Die DR Ost importierte ab 1970 aus der Sowjetunion eine weitere Diesellokvariante, die BR 130 bis 132. Diese Lokomotive sollte mit über 800 gebauten Exemplaren der erfolgreichste Typ werden und löste die Dampflokomotiven in der DDR ab. Die BR 130 - 132 wurden im Volksmund "Ludmilla" genannt. Während die 130 und 131 noch ohne elektrische Zugheizung ausgeliefert wurden, waren die Loks der BR 132 damit ausgestattet.

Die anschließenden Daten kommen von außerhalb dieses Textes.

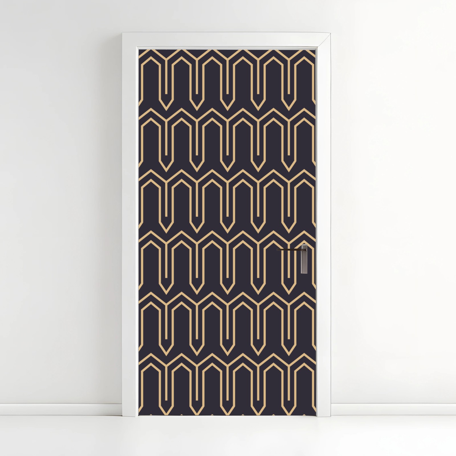 Türaufkleber Art deco geometrisches muster in gold und schwarz
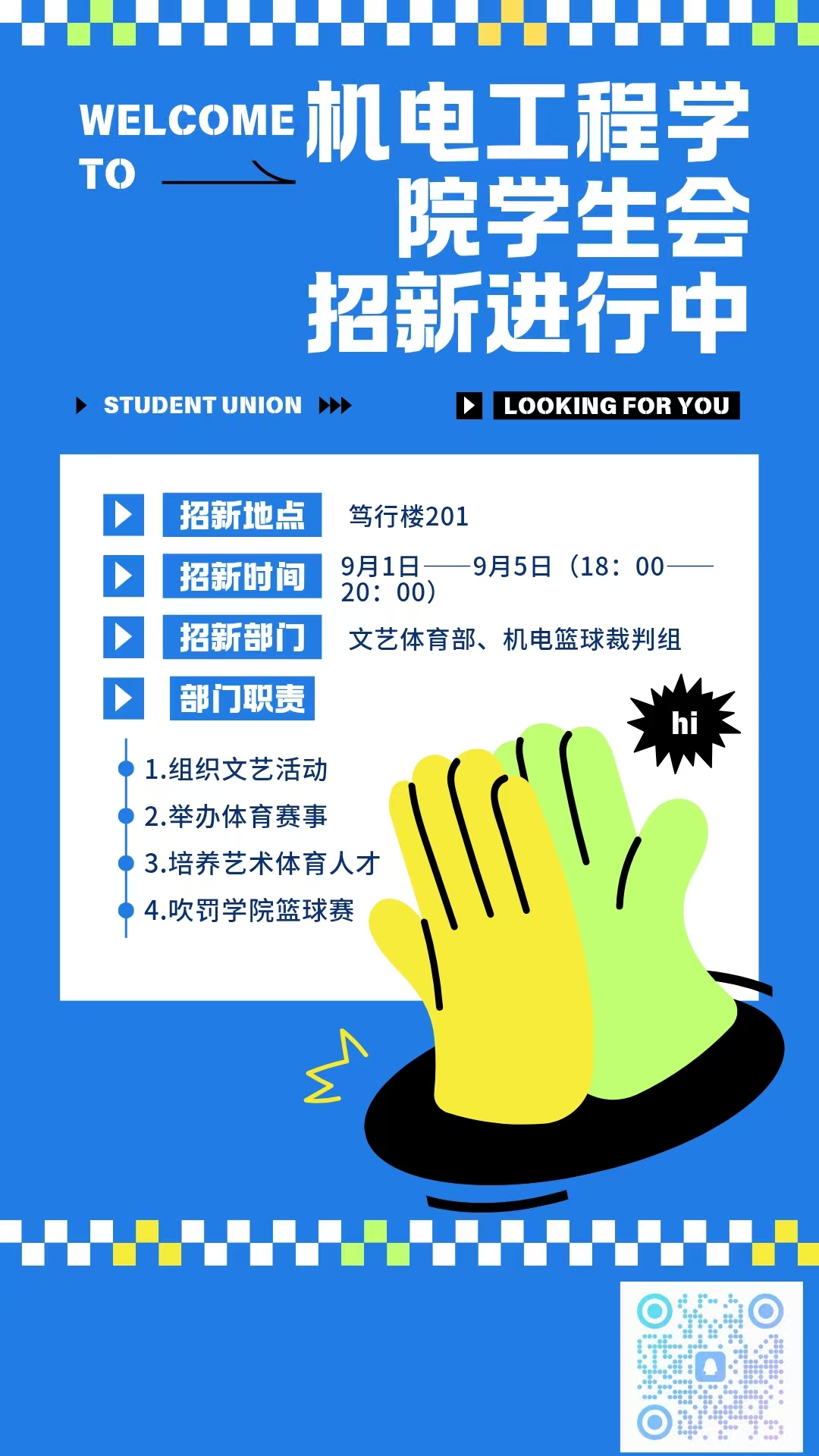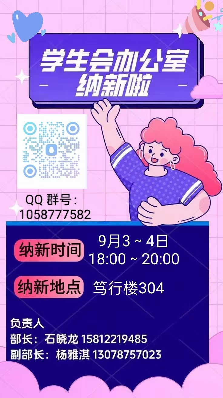 主要职责活动场地申请、现场座次安排、横幅打印、活动PPT制作、水牌打印、邀请函呈送、资料存档、会议通知及布置。加入我们,一起忙在机电!
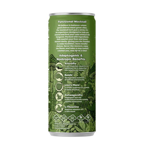 Infused with functional mushrooms such as Reishi, Antrodia, and Lion’s Mane, along with Ashwagandha, L-Theanine, and magnesium, this mocktail supports focus, relaxation, and overall wellness. Perfect for social gatherings, winding down, or pairing with meals, it offers a mindful alternative to traditional cocktails.
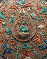 This wonderfully handcrafted Spiritual Meditation Wall Hanging will add a profound sense of tranquility and spiritual elegance to your space. This fantastic artwork, measuring 30cm in height and 29cm in width, makes an excellent focal point for meditation rooms, yoga studios, spiritual sanctuaries, or any other location dedicated to mindfulness and inner peace. This wall hanging, crafted from copper, silver, and gold plating, is adorned with genuine natural stones, including lapis lazuli, turquoise, and coral, each carefully selected for its spiritual significance and energetic properties.
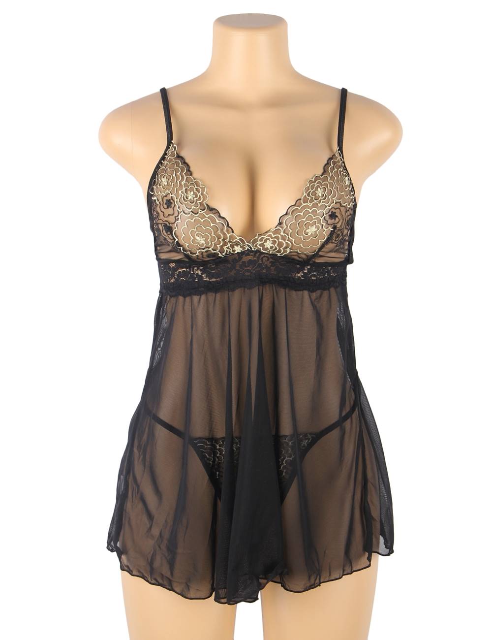 Product Name Elegant Black See-through Lace Exquisite Embroidery Sexy Babydoll
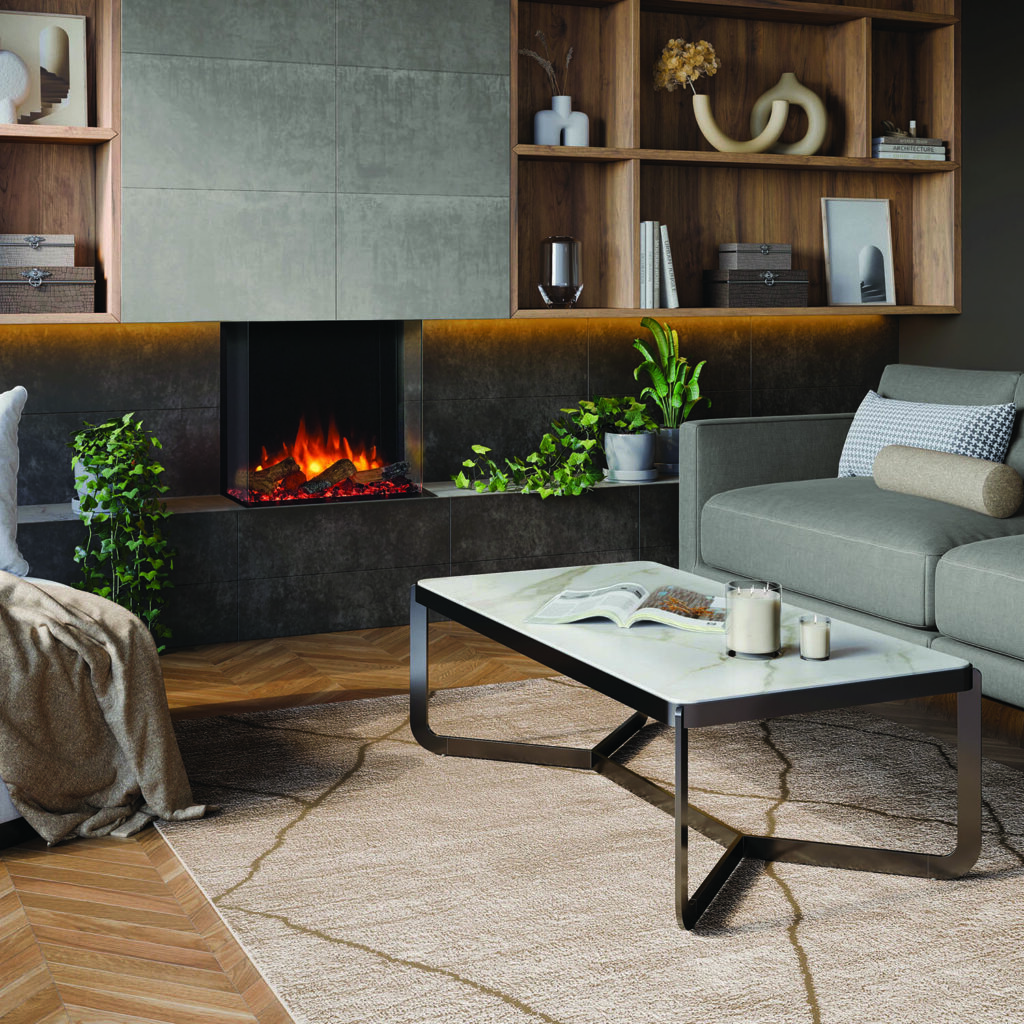 Gazco’s Chromalight® Immersive LED Systems create a mesmerising display with almost endless possibilities. Vivid flame effects are projected to appear amongst the fuel bed for a deep, three-dimensional display.

Die Höchstgeschwindigkeit wurde auf 120 Km/h begrenzt. Einsatzschwerpunkt waren schwere Züge auf den nicht elektrifizierten Strecken.
Auch im Transitverkehr waren diese Lokomotiven anzutreffen. In den Jahren 1977 und 1978 wurden sechs weitere noch stärkere Loks, die BR 142 in Betrieb genommen. Da mittlerweile die Elektrifizierung der Strecken Vorrang haben sollte, wurden keine weiteren Lokomotiven der BR 142 bestellt.
Nach der Wende wurden viele der BR 132 von der DB übernommen und sind auch heute noch im Güterverkehr und bei Privatbahnen in Betrieb.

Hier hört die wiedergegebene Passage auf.